Patrik Raitanen

Personal information
- Date of birth: 13 June 2001 (age 25)
- Place of birth: Ulvila, Finland
- Height: 1.89 m (6 ft 2 in)
- Position: Defender

Team information
- Current team: FC Jazz
- Number: 29

Youth career
- 0000–2015: FC Ulvila
- 2015–2017: FC Jazz
- 2017–2019: Liverpool
- 2019–2020: Fortuna Sittard
- 2020–2021: SPAL

Senior career*
- Years: Team / Apps / (Gls)
- 2016–2017: FC Jazz / 0 / (0)
- 2019–2020: Fortuna Sittard / 2 / (0)
- 2021: Klubi 04 / 16 / (0)
- 2022–2023: → IFK Mariehamn (loan) / 13 / (0)
- 2024–2025: IFK Mariehamn / 16 / (0)
- 2026–: FC Jazz / 15 / (0)

International career^{‡}
- 2017: Finland U16 / 3 / (0)
- 2017–2018: Finland U17 / 7 / (0)
- 2018–2019: Finland U18 / 7 / (0)
- 2018–2019: Finland U19 / 7 / (0)
- 2021: Finland U20 / 2 / (0)

= Patrik Raitanen =

Finnish footballer (born 2001)

Patrik Raitanen (born 13 June 2001) is a Finnish professional footballer who plays as a defender for FC Jazz. Raitanen was born in Ulvila, Finland. He made his debut on senior level in FC Jazz, before signing with Liverpool at age 15 in 2017.

==Club career==
===Fortuna Sittard===
On 21 June 2019, Raitanen signed his first professional contract with Fortuna Sittard. Raitanen made his professional debut with Fortuna Sittard in a 0–0 Eredivisie tie with Sparta Rotterdam on 28 September 2019.

===SPAL===
In September 2020 it was announced that Raitanen had signed a deal with Serie B team SPAL and that he would join the U19 team.

===HJK Helsinki===
On 16 August 2021 HJK announced that Raitanen has signed a contract with the team. He played with the club's reserve team Klubi 04.

===IFK Mariehamn===
On 28 February 2022, Raitanen joined IFK Mariehamn on loan for the 2022 season. His loan was extended for the 2023 season, but early in the pre-season in a Finnish League Cup match against Inter Turku, Raitanen suffered a season-ending knee injury and was ruled out for the whole year.

On 27 January 2024, Raitanen terminated his contract with HJK, and signed a permanent deal with IFK Mariehamn.

Early in the pre-season in January 2025, a Finnish League Cup match against Inter Turku, Raitanen suffered a season-ending knee injury again and was ruled out for the whole year.

==International career==
He made his debut on international level on 13 April 2016 playing for Finland national under-15 football team in a match against Poland U15.

==Outside football==
Besides playing professional football, Raitanen has worked as a model.
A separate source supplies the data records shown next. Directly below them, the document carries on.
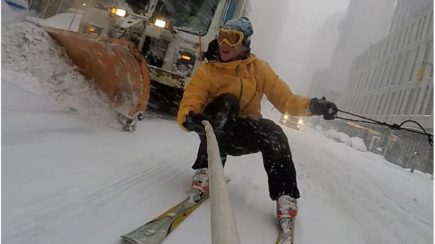 Sněžné peklo v New Yorku: někdo si to užívá, lyžuje a snowboarduje
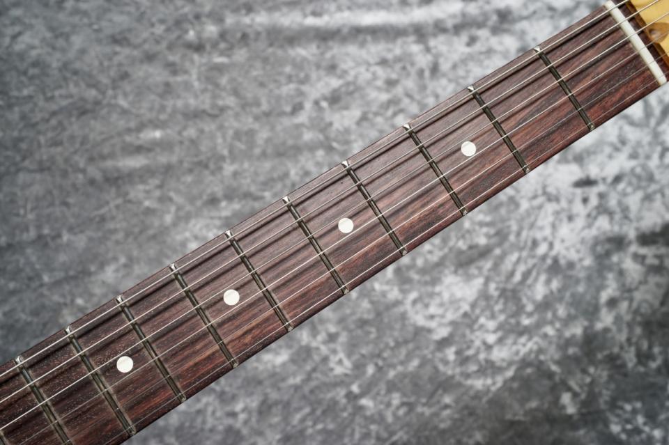 やや薄手のDeep"C"シェイプ、ゆるやかな9.5"Rの指板に背の高いナロートールフレットの22F構成というモダンスペックはそのままに、
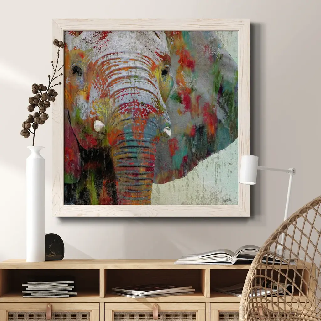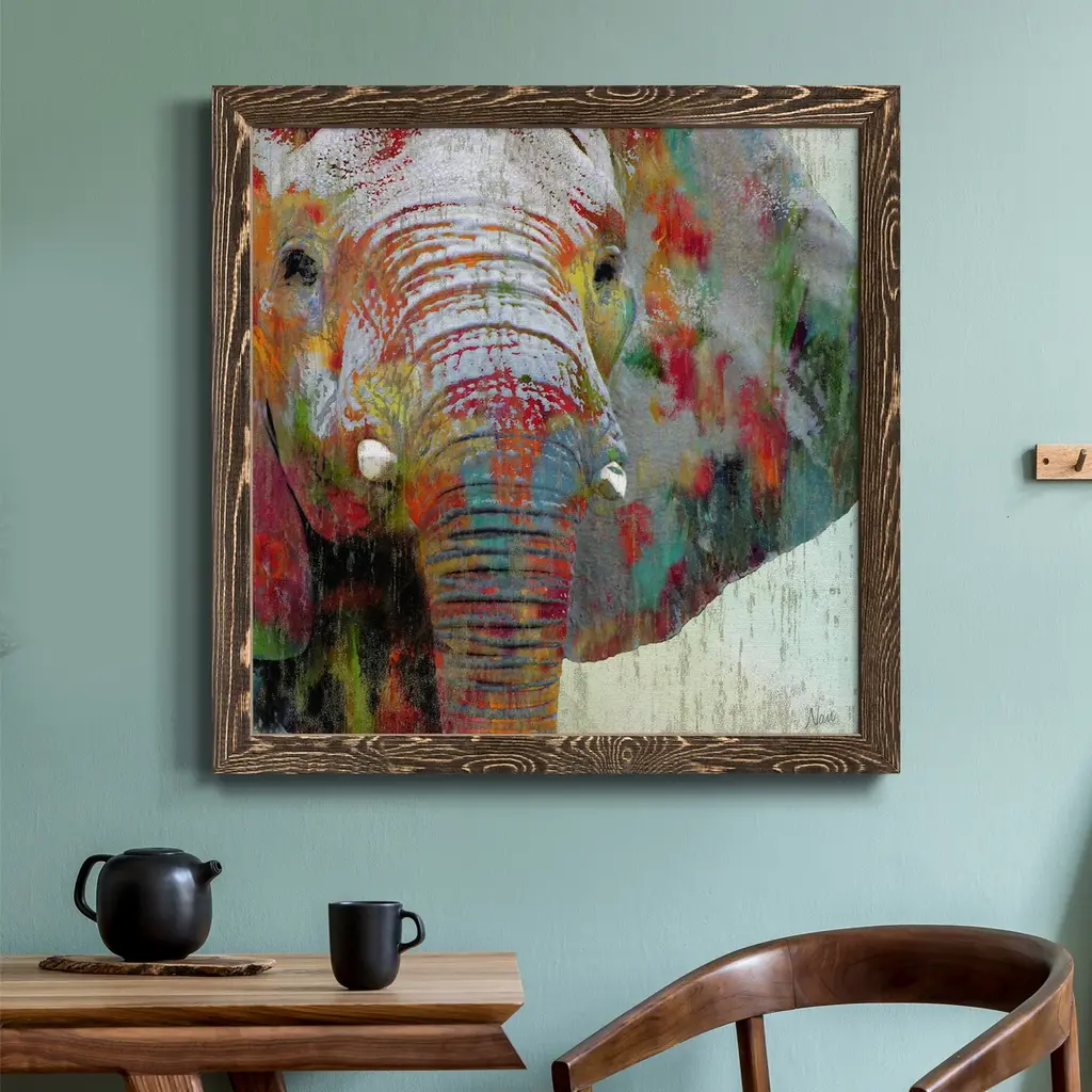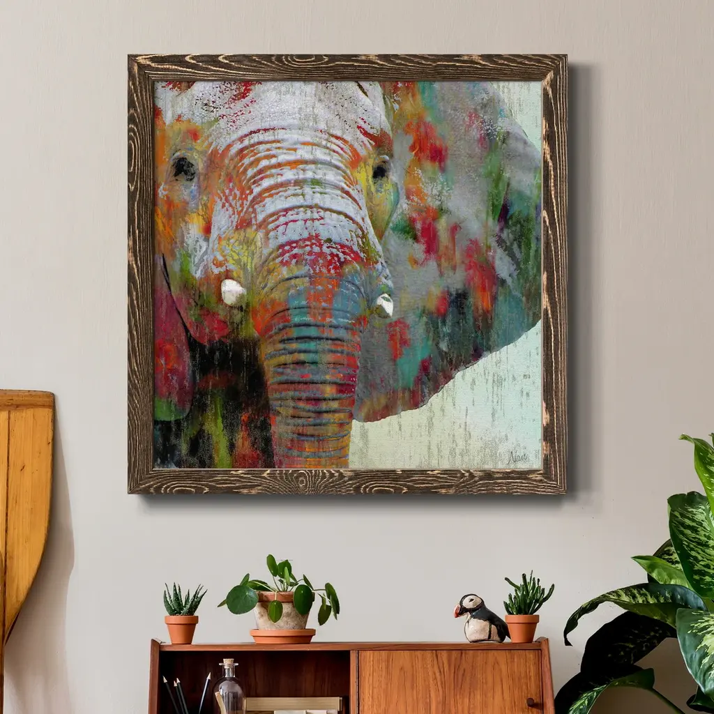 Paint Splash Elephant-Premium Framed Canvas - Ready to Hang Framed in distressed wood and available in an array of sizes and colors Each piece is joined and assembled by hand and comes ready to hang 2 INCH BEVELED MATTE BOARD PLEXIGLASS COVERING READY TO HANG MADE IN THE USA SOLID WOOD FRAME MADE IN USA FADE RESISTANT GICLEE PRINTING on Canvas or Paper

Later after his time at Fortuna Sittard, Raitanen spoke to Finnish media about how he was openly discriminated in the club by his first team head coach Kevin Hofland, because of the way he looked and how he dressed.

==Career statistics==

Appearances and goals by club, season and competition
| Club | Season | League |  |  | Cup |  | League cup |  | Europe |  | Total |  |
| Division | Apps | Goals | Apps | Goals | Apps | Goals | Apps | Goals | Apps | Goals |
| Jazz | 2017 | Kakkonen | 0 | 0 | 2 | 0 | — |  | — |  | 2 | 0 |
| Fortuna Sittard | 2019–20 | Eredivisie | 2 | 0 | 0 | 0 | — |  | — |  | 2 | 0 |
| Klubi 04 | 2021 | Ykkönen | 10 | 0 | 0 | 0 | — |  | — |  | 10 | 0 |
| IFK Mariehamn (loan) | 2022 | Veikkausliiga | 13 | 0 | 3 | 0 | 0 | 0 | — |  | 16 | 0 |
| 2023 | Veikkausliiga | 0 | 0 | 0 | 0 | 3 | 0 | — |  | 3 | 0 |
| Total |  | 13 | 0 | 3 | 0 | 3 | 0 | 0 | 0 | 19 | 0 |
| IFK Mariehamn | 2024 | Veikkausliiga | 16 | 0 | 2 | 0 | 4 | 0 | — |  | 22 | 0 |
| 2025 | Veikkausliiga | 0 | 0 | 0 | 0 | 1 | 0 | – |  | 1 | 0 |
| Total |  | 16 | 0 | 2 | 0 | 5 | 0 | 0 | 0 | 23 | 0 |
| Career total |  |  | 41 | 0 | 7 | 0 | 8 | 0 | 0 | 0 | 56 | 0 |

==Personal life==
Raitanen is the son of the Finnish former hockey player Rauli Raitanen.